Historic Northampton hospital saved from demolition

The former St Edmund's Hospital in Wellingborough Road
The former St Edmund's Hospital in Wellingborough Road

The Government has said Northampton’s historic St Edmund’s Hospital building should never be demolished.

Earlier this year, an unknown organisation applied to English Heritage to remove the historic building’s listed status - leading to fears it could one day be demolished.

But now, the Department for Culture, Media and Sport (DCMS) has said the listed status should not be removed, meaning the 176-year-old building in Wellingborough Road cannot be knocked down.

The move has been welcomed by officials at English Heritage, who advised the Government that the building should be protected for the future.

A spokesman for English Heritage said: “We’re pleased the Government has agreed with our recommendation to keep St Edmund’s Hospital in Northampton on the statutory List.

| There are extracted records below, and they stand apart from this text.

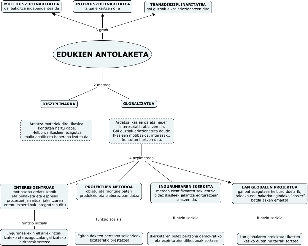 This Concept Map has information related to: 2. gaxe, EDUKIEN ANTOLAKETA 3 gradu INTERDISZIPLINARITATEA 2 gai elkartzen dira, INTERES ZENTRUAK motibazioa ardatz izanik eta behaketa eta espresio prozesuei jarraituz, jakintzaren eremu ezberdinak integratzen ditu funtzio soziala Ingurunearekin elkarrekintzak izateko eta ezagutzako gai izateko hiritarrak sortzea, EDUKIEN ANTOLAKETA 2 metodo DISZIPLINARRA, GLOBALIZATUA ???? Ardatza ikaslea da eta hauen interesetatik abiatzen da. Gai guztiak erlazionatuta daude. Ikasleen motibazioa, interesak... kontutan hartzen dira., EDUKIEN ANTOLAKETA 2 metodo GLOBALIZATUA, INGURUNEAREN IKERKETA metodo zientifikoaren sekuentzia bidez ikasleek jakintza egituratzean saiatzen da. funtzio soziala Ikerketaren bidez pertsona demokratiko eta espiritu zientifikodunak sortzea, EDUKIEN ANTOLAKETA 3 gradu TRANSDISZIPLINARITATEA gai guztiak elkar erlazionatzen dira, EDUKIEN ANTOLAKETA 3 gradu MULTIDISZIPLINARITATEA gai bakoitza independentea da, LAN GLOBALEN PROIEKTUA gai bat ezagutzea helburu duelarik, taldeka edo bakarka egindako "dosier" batda azken emaitza funtzio soziala Lan globalaren proiektua: ikasten ikasiko duten hiritarrak sortzea, Ardatza ikaslea da eta hauen interesetatik abiatzen da. Gai guztiak erlazionatuta daude. Ikasleen motibazioa, interesak... kontutan hartzen dira. 4 azpimetodo INTERES ZENTRUAK motibazioa ardatz izanik eta behaketa eta espresio prozesuei jarraituz, jakintzaren eremu ezberdinak integratzen ditu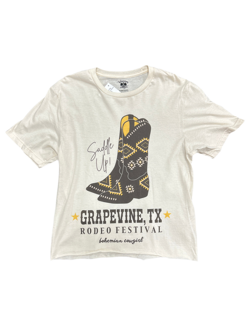 Introducing the Grapevine Boot Tee, featuring a unique Aztec boot graphic inspired by the vibrant city of Grapevine. Made with high-quality materials, this tee offers a comfortable and stylish look for any occasion. Show off your love for Grapevine with this one-of-a-kind boot tee.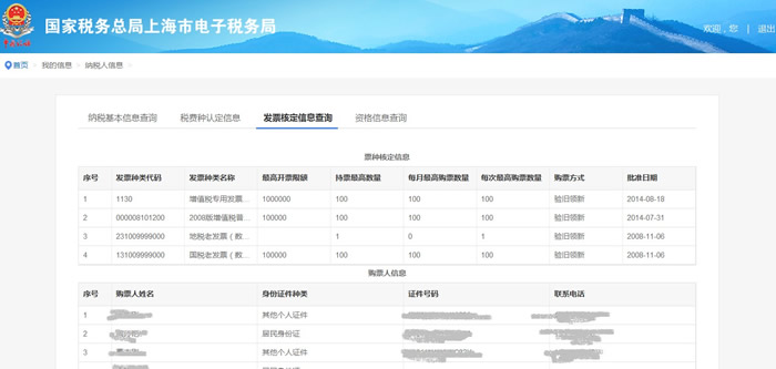 3.【发票核定信息】内容为包括票种核定信息和购票人信息,界面如下图所示:
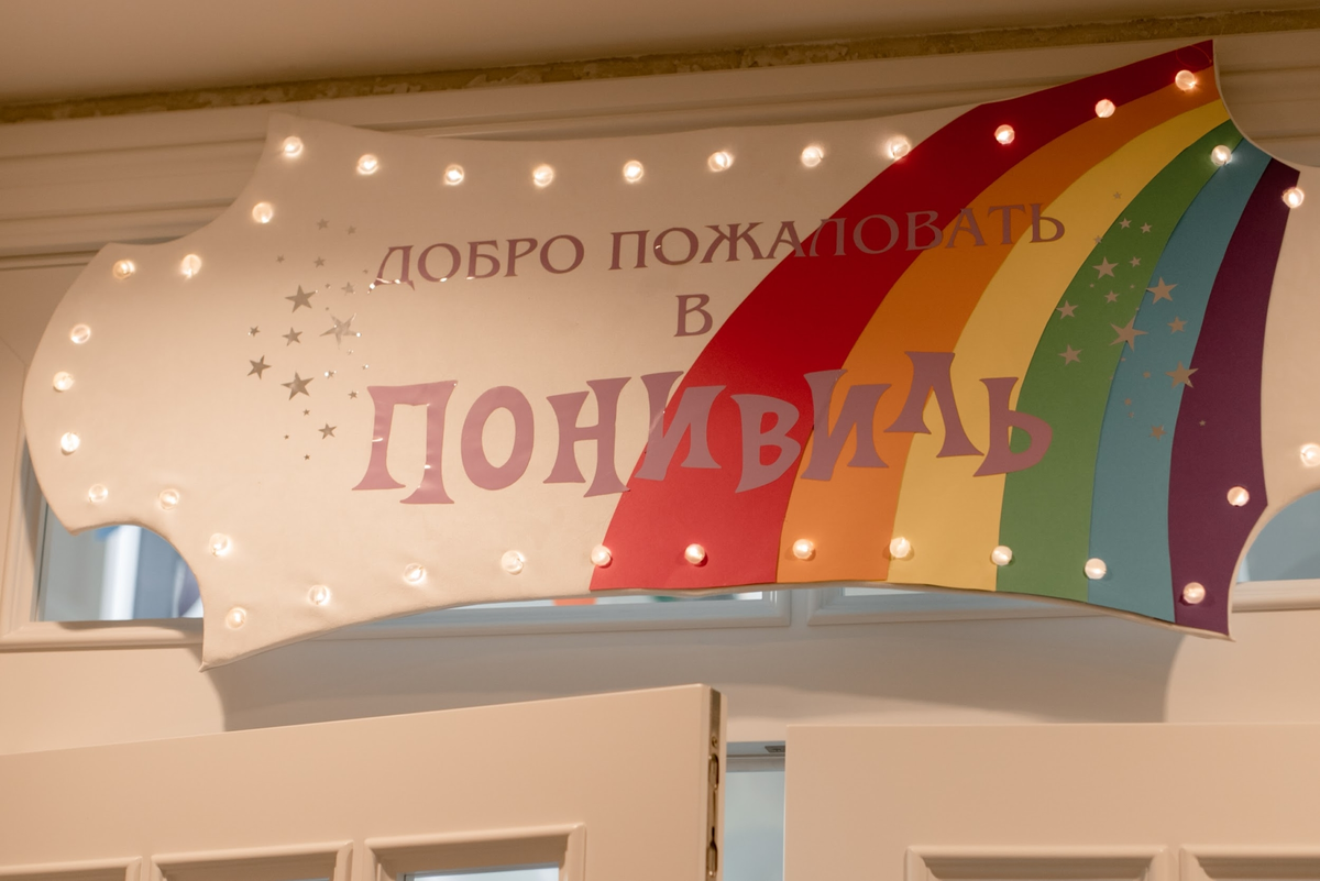 А дальше всех ждало волшебство и великолепие! Мы украсили каждый уголок — даже развесили облака из шаров под потолком, протянув между ними десятки метров флажков и ретро-лампочек. Так и получился сказочный Понивиль!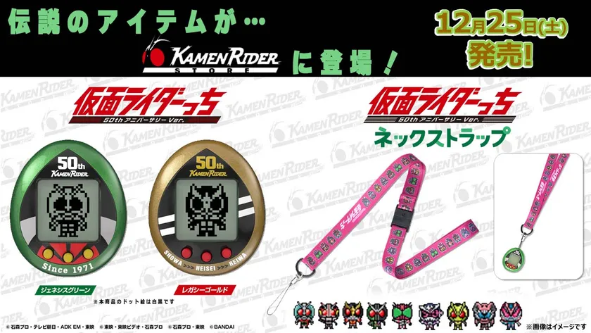 “仮面ライダー50周年”דたまごっち25周年”のコラボ商品 「仮面ライダーっち」が仮面ライダーストアに数量限定で登場!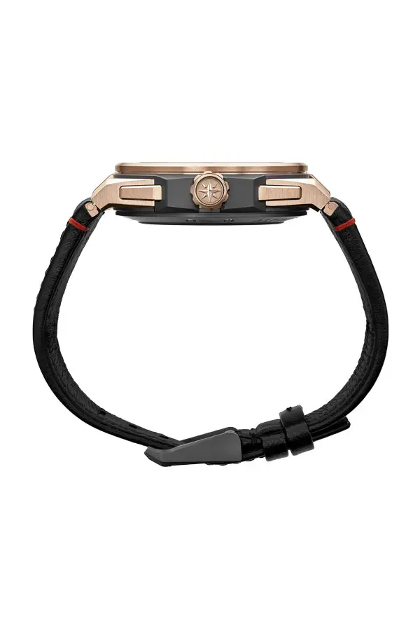 Masivní kulaté pouzdro o průměru 44 mm je osazeno výraznou lunetou z růžového zlata, která elegantně rámuje černý analogový ciferník s jemnou strukturou a kontrastními subciferníky chronografu. Funkčnost doplňuje datumovka, která je diskrétně integrována do designu.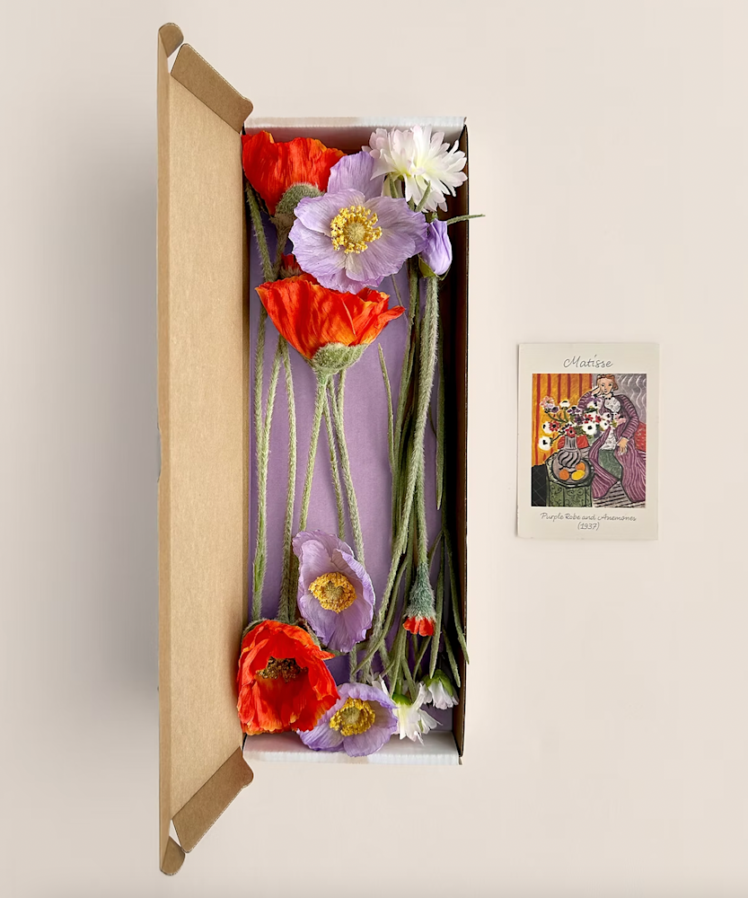 Deze zijden bloemen stralen het hele jaar door schoonheid uit. Creëer je eigen kunstwerk met dit boeket, geïnspireerd op een van 's werelds grootste kunstenaars: Henri Matisse. Elke bloem is perfect afgestemd op de Walleaf vazen. Zo heb je altijd iets moois om mee te decoreren. De perfecte manier om je huis te verfraaien!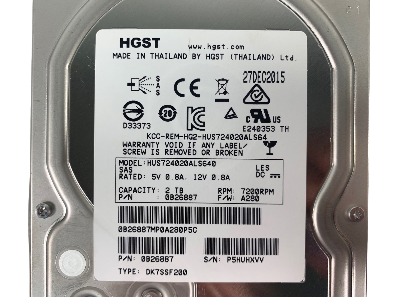 Genuine HGST HUS724020ALS640 2TB 7200RPM 6Gbps SAS 3.5" HDD 0B26923 0B26887 (NOT FOR HOME PC)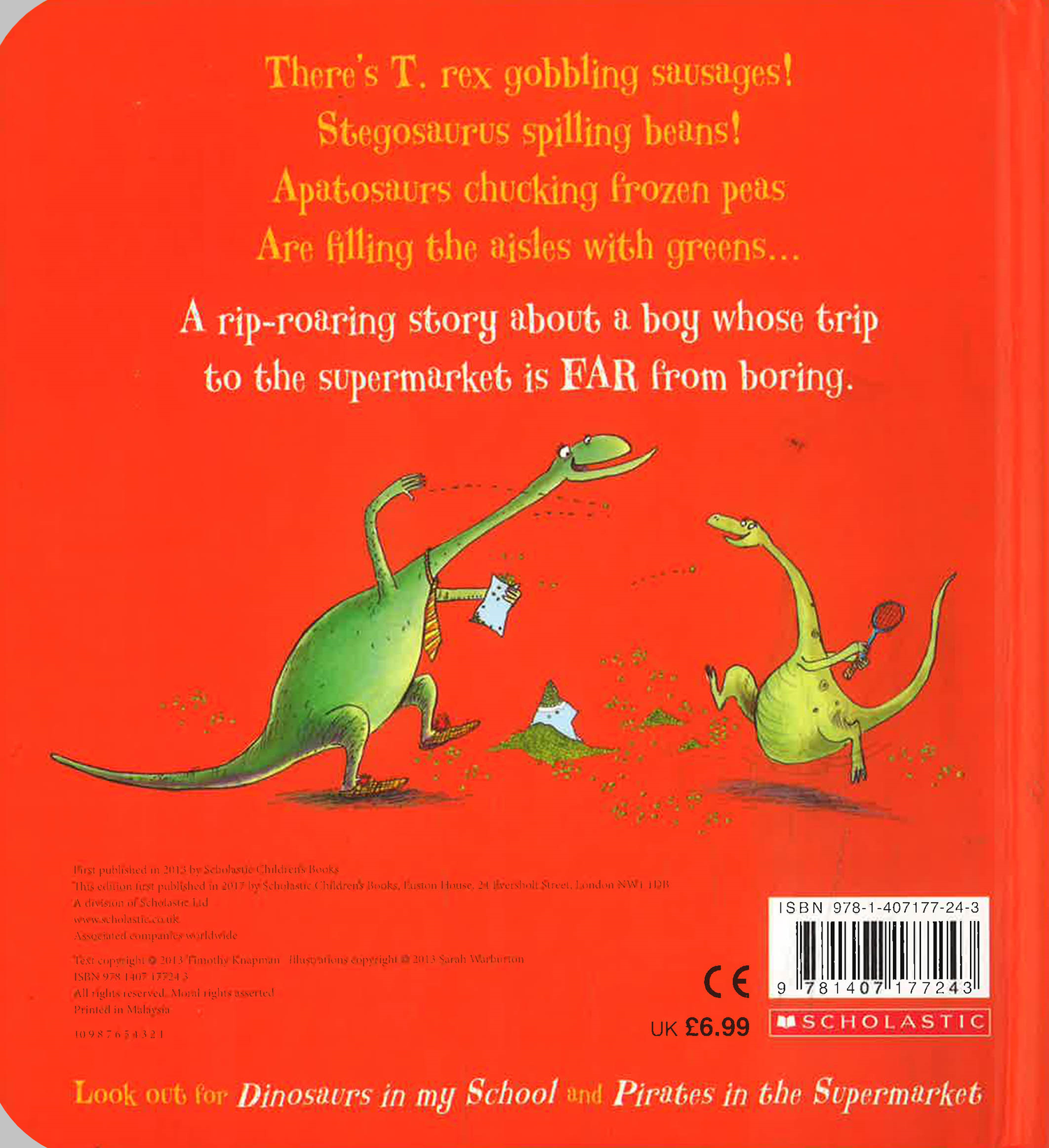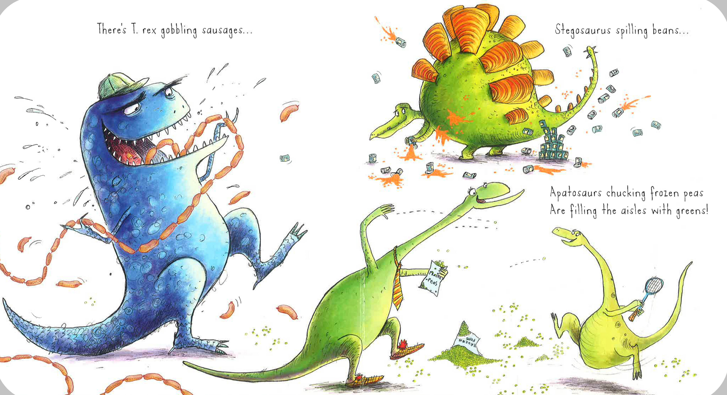 A chunky gift-edition board book of a bestselling dinosaur romp!There’s a T. rex gobbling sausages,a Stegosaurus spilling beans! A Diplodocus in the frozen peasfills the aisles with greens!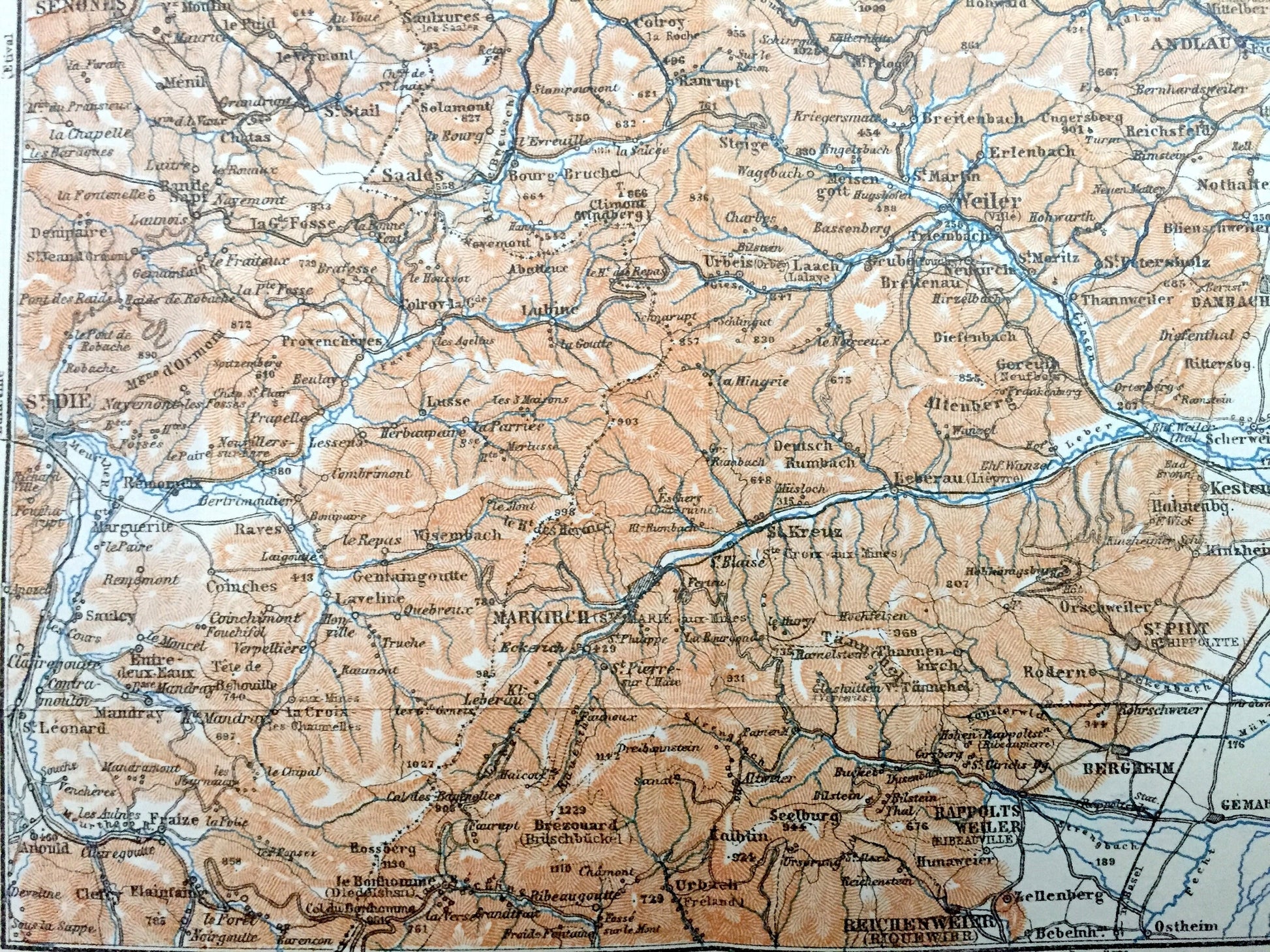 Antique 1909 Eastern France & Austria Map from Baedekers Guide Atlas – St. Die, Weiler, Andlau, Molsheim, Rosheim, Barr, Schlettstadt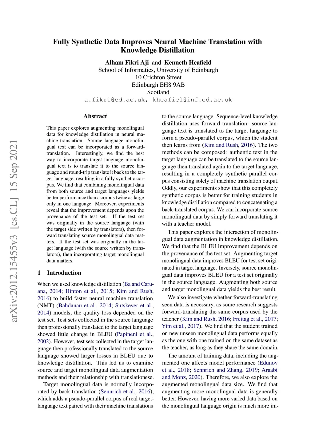 This paper explores augmenting monolingual data for knowledge distillation in neural machine translation. Source language monolingual text can be incorporated as a forward translation. Interestingly, we find the best way to incorporate target language monolingual text is to translate it to the source language and round-trip translate it back to the target language, resulting in a fully synthetic corpus. We find that combining monolingual data from both source and target languages yields better performance than a corpus twice as large only in one language. Moreover, experiments reveal that the improvement depends upon the provenance of the test set. If the test set was originally in the source language (with the target side written by translators), then forward translating source monolingual data matters. If the test set was originally in the target language (with the source written by translators), then incorporating target monolingual data matters.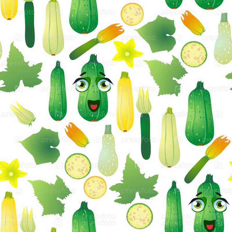 Бесшовные овощные кабачки. Смешные милые лица персонажей
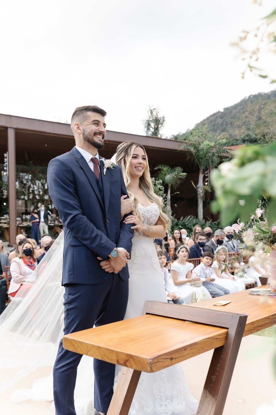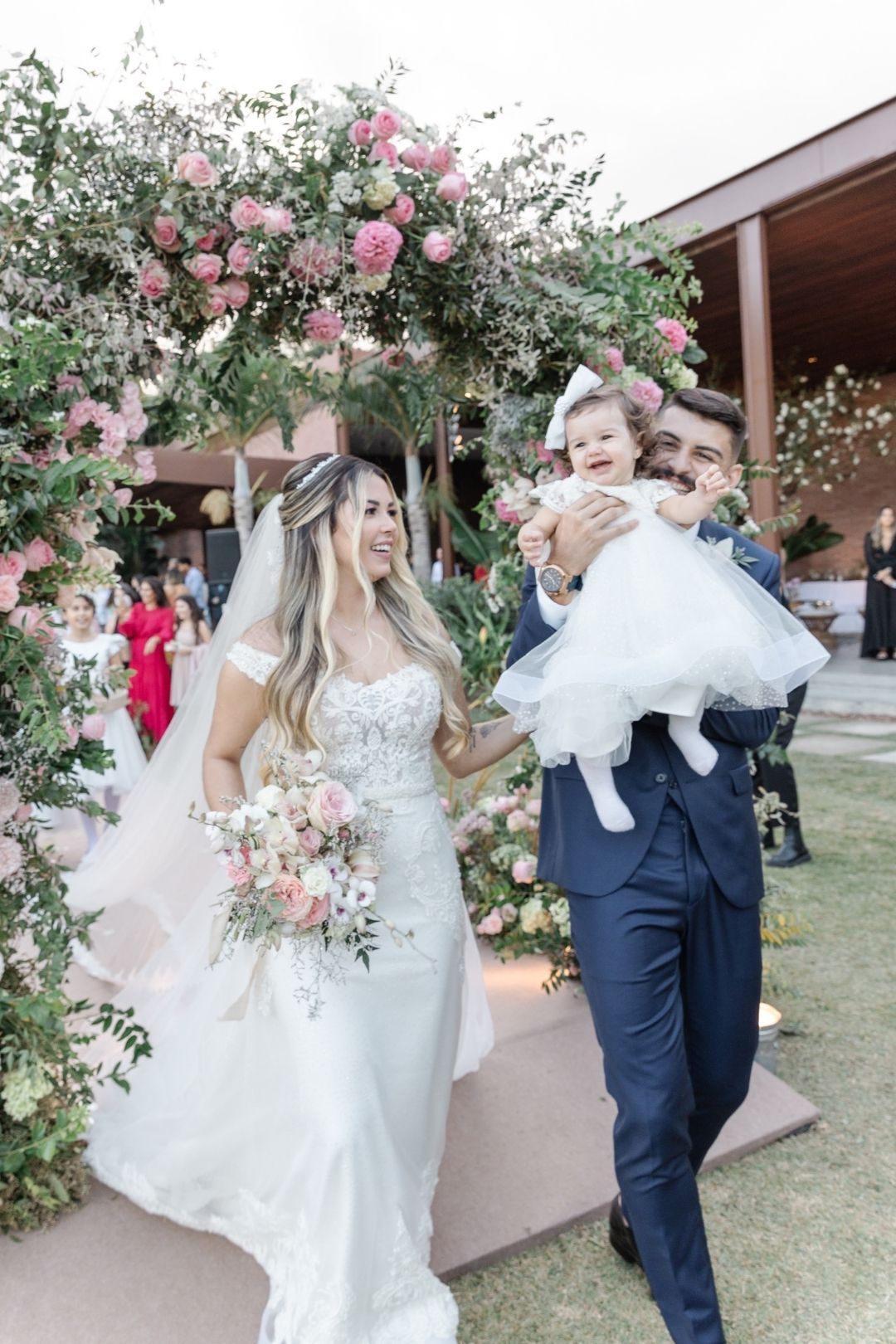 “Após cinco anos juntos o Ricardo me pediu em casamento com um lindo pedido, do jeito que sempre sonhei e eu nem desconfiei de nada. Marcamos o casamento para o ano seguinte mas não contávamos que teríamos uma surpresinha, Luísa! Nossa filhinha e logo após descobrir a gravidez veio a pandemia. Então só nos casamento praticamente dois anos após o pedido”.

“Built in 1836-7, it was one of the first generation of New Poor Law workhouses, designed by the eminent Victorian architect George Gilbert Scott, and it represents a key moment in changing social attitudes towards the provision made for the poor and destitute. “

The main hospital building has stood derelict since 1999 despite a Tesco and a restaurant being built on neighbouring parts of the former hospital site.

Northampton Borough Council’s cabinet member for regeneration, Councillor Tim Hadland (Con, Old Duston) said the authority would now work with the site’s owners to get the hospital redeveloped.

He said: “We welcome the decision of the Secretary of State for Culture, Media and Sport to retain St Edmund’s Hospital on the list of buildings of special architectural or historic interest.

“Owning a listed building comes with a duty to protect it, so we will continue to talk with the landowners about their plans and how they can bring the site back into use.”

St Edmund’s Hospital was built in 1836 as a workhouse and was converted into a hospital in the 1930s, before closing in 1999.

It was designed by world famous architect Sir George Gilbert Scott, who went on to create both the Albert Memorial in London and the Midland Grand Hotel at St Pancras Satation.